Opcodes are just symbolic tags and can be used inside a
@scheme[patterns] form without the need for declaration.  The only
restriction is that stack machine code produced by a composition of
macros can be processed by the stack machine assembler.  This freedom
allows the introduction of macros that serve as primitives for
arbitrary code generation @emph{idioms}, by allowing arbitrary data to
be passed on the code stack in the form of @emph{compile time data},
represented by the @scheme['qw] tag, or arbitrarily tagged
@emph{pseudo instructions}.

Instead of @scheme[[qw (struct vec (x y))]] we could have introduced
the opcode @scheme['vec] using something like @scheme[[vec v]] or
@scheme[[vec (struct vec (x y))]]. Doing so prevents manipulation of
such objects by generic stack manipulation words like @scheme[dup] and
@scheme[drop].  The general rule is: use @scheme['qw] for anything
that rougly behaves as a target machine value, and use anything else
to prevent the partial evaluator for @scheme['qw] tags to touch the
instruction.

For certain classes of operations one can abstract the possible
patterns over the instances of the class. To this end the macro
@scheme[patterns-class] can be used.

@specform[(patterns namespace formals (actuals ...) clause ...)]

The @scheme[_formals] parameter is a list containing identifiers that
parameterize the @scheme[_clause]s, which are pattern clauses passed
to the @scheme[patterns] form.  The @scheme[_actuals] parameters are
values to be filled in for the formal parameters.  

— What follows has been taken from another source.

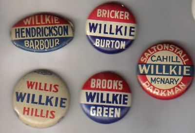 WILLKIE Coattail 1940 ILLINOIS, OHIO, INDIANA, MASSACHUSETTS, NEW JERSEY 5 pins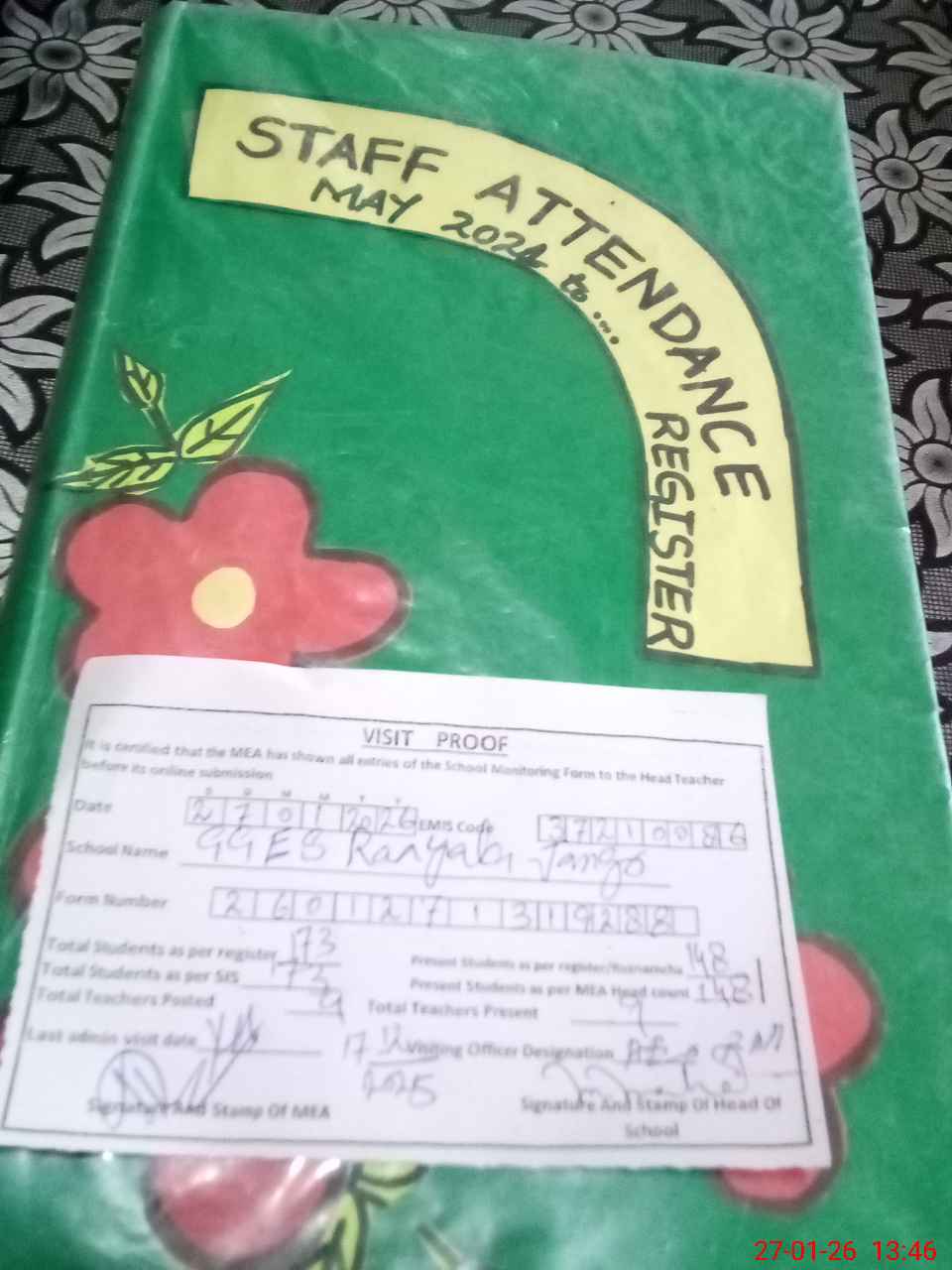 | Attendance Register | Head Teacher | MEA with School | Visit Proof |

The following example defines pattern matching rules for unary
operators on the Microchip PIC18 architecture.  Note that the first
clause implements peephole optimization: it combines a real machine
instruction with the effect of a macro.

@ex[()
(patterns-class (macro)
    [word         opcode]
    [(1+          incf)
     (1-          decf)
     (rot<<c      rlcf)
     (rot>>c      rrcf)
     (rot<<       rlncf)
     (rot>>       rrncf)
     (swap-nibble swapf)]
 (([movf f 0 0] word) ([opcode f 0 0]))
 ((word)              ([opcode WREG 0 0])))
]

@section{Prefix Macros}

FIXME: Factor out instantiation in Scheme, then write the prefix Forth
syntax on top of that.

Coma is a non-reflective meta language: it processes stack machine code
only.  In order to be able to abstract over @emph{names} of macros, a
different mechanism is necessary.  In Staapl this mechanism is called
@emph{prefix macros}, and it is implemented as a preprocessing step
defined in terms of a number of primitive @emph{special forms} based
on Forth's @emph{parsing words}.  The primitive prefix forms are
@scheme[create : forth macro require load path].

@section{PIC18 Forth}

The Microchip PIC18 microcontroller architecture with 8-bit data word
size and 16-bit instruction word size maps quite straightforwardly to
a stack machine, making it an ideal primary architecture for Staapl.
The implementation in Staapl uses the WREG register to implement the
top of stack register, and INDF0 to point to the rest of the parameter
stack in SRAM.  Most arithmetic and conditional jump instructions are
used to implement basic forth data and control operations in a fairly
optimal way.  The compiler produces native code, eliminating the need
for an on-target interpreter.  Forth code can be used in interrupt
routines without trouble.  The PIC18 language includes a full RPN
assembler.  The PIC18F stores code in Flash ROM memory, but has the
ability to program itself.  This is used to provide run-time code
upload in the interaction mode.

@section{Interaction}

Coma is a cross compiled language. In order not to loose the ability
to interactively probe a running system, one of the virtues of Forth,
this functionality is @emph{simulated} in the form of an interactive
console requiring minimal on-target support.